Results and discussion of MWM algorithm
In order to better test the performance of MWM algorithm and the current existing STRFINDUNI algorithm, these two algorithms are separately extracted to put in the same Linux environment for testing.
The hardware environment of the test: Server Intel (R) Xeon (R) CPU 5120@ 1.86 GHz 4 kernel 4 G memory.
Test samples: SOGOU Chinese Thesaurus, the test samples are taken from the thesaurus.
Test method: The network data matching process is simulated in real environment, without any text change, and the number of network data pattern strings progressively increases in a linear form, resulting in the proportional change of the hit times. The initialization time consumption and time consumption of network data matching of these two algorithms are respectively measured as in Figs. 2 and 3, respectively.
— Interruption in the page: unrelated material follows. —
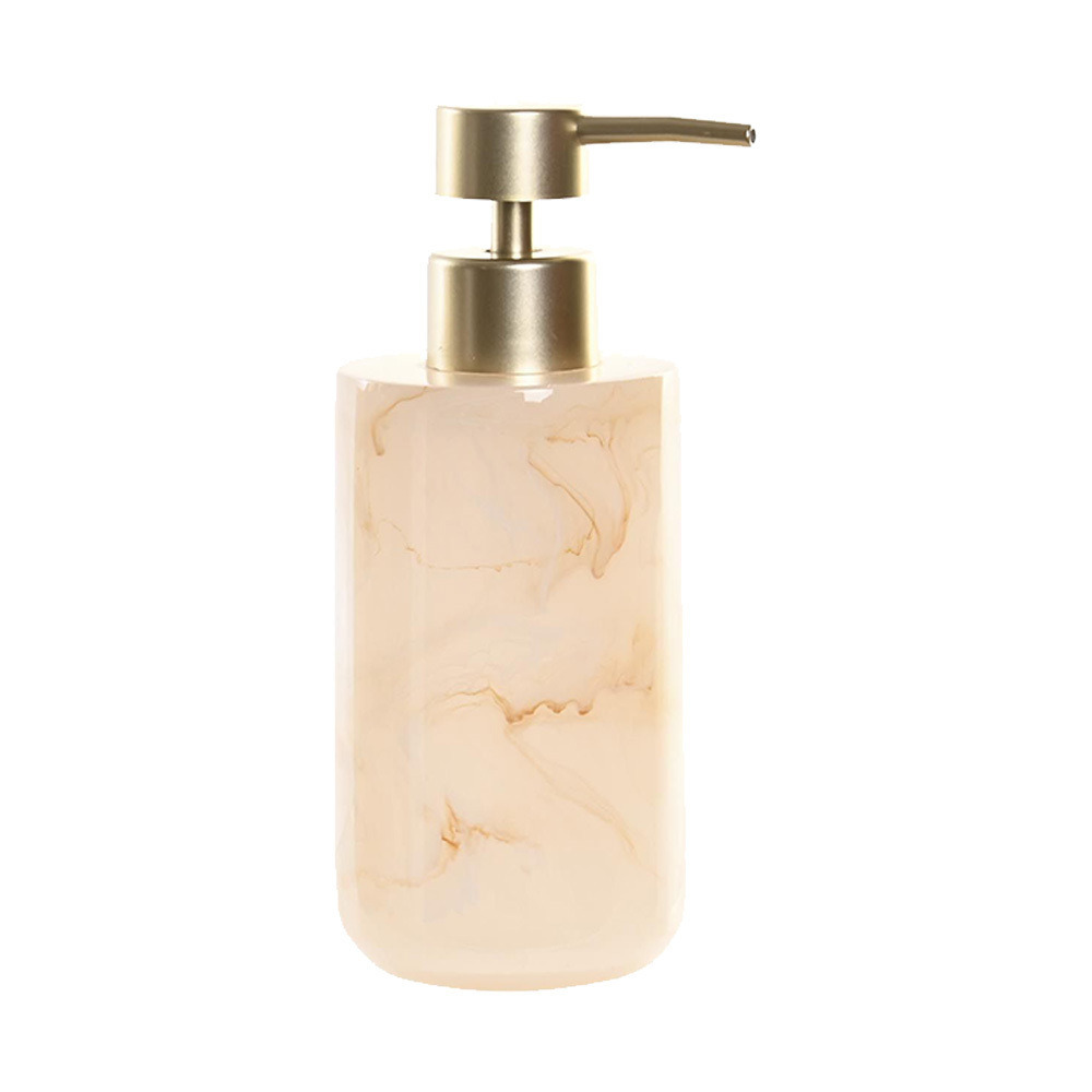 Stijlvol Zeeppompje/dispenser marmer look polyresin creme roze 9 x 17 cm. Dit navulbare zeeppompje is een praktische ?n stijlvolle toevoeging aan keuken, badkamer of toilet. Vul het eenvoudig met je favoriete handzeep, lotion of afwasmiddel en geniet van gemak in het dagelijks gebruik. Dankzij het herbruikbare ontwerp is het pompje keer op keer opnieuw te vullen, waardoor het niet alleen handig maar ook een mooie eyecatcher is in huis. Met goud-kleurig pompje.

According to the comparison results made between Figs. 2 and 3, it is obvious that the MWM algorithm spends much more time than the STRFINDUNI algorithm both in the initialization process and in the pattern matching process. The time consumption of MWM algorithm is far more than that of STRFINDUNI algorithm regardless of initialization process or pattern matching process. However, in terms of the extensive application of such algorithm in snort application, the main factors of researches in this paper cause the above differences to be concluded and summarized as follows:
Influence factors concerning the network data service client matching:
-
(a)
Different HASH methods: HASH in STRFINDUNI applies the 1-stage HASH followed by two stages of indexing to construct. During the search process, the first 6 bytes of the head address of chain list of the network data service client pattern string list are found through the screening process and then matched to the network data service client pattern string in the linked list one by one. However, the HASH process in MWM uses only 1-stage HASH level to accelerate the finding, matching them one by one in the network data service client pattern string array. This difference in HASH approach is magnified by testing with dictionary files because the number of phrases that begin with the same first 2 bytes is too large, often up to more than 100, and the number of words beginning with the same first 6 bytes is greatly reduced, usually less than three.
-
(b)
Different basic units of matching of network data: Because STRFINDUNI is used to match the text with Unicode coding method, the basic unit of matching is the word, and the shifting, HASH, and other operations in the algorithm are carried out in the word unit. However, MWM is carried out in byte, and for MWM algorithm known for reducing the number of comparison times by jumping, the differences in the basic unit of pattern string matching for such network data will at least cause a half distance reduction of movement in jumping.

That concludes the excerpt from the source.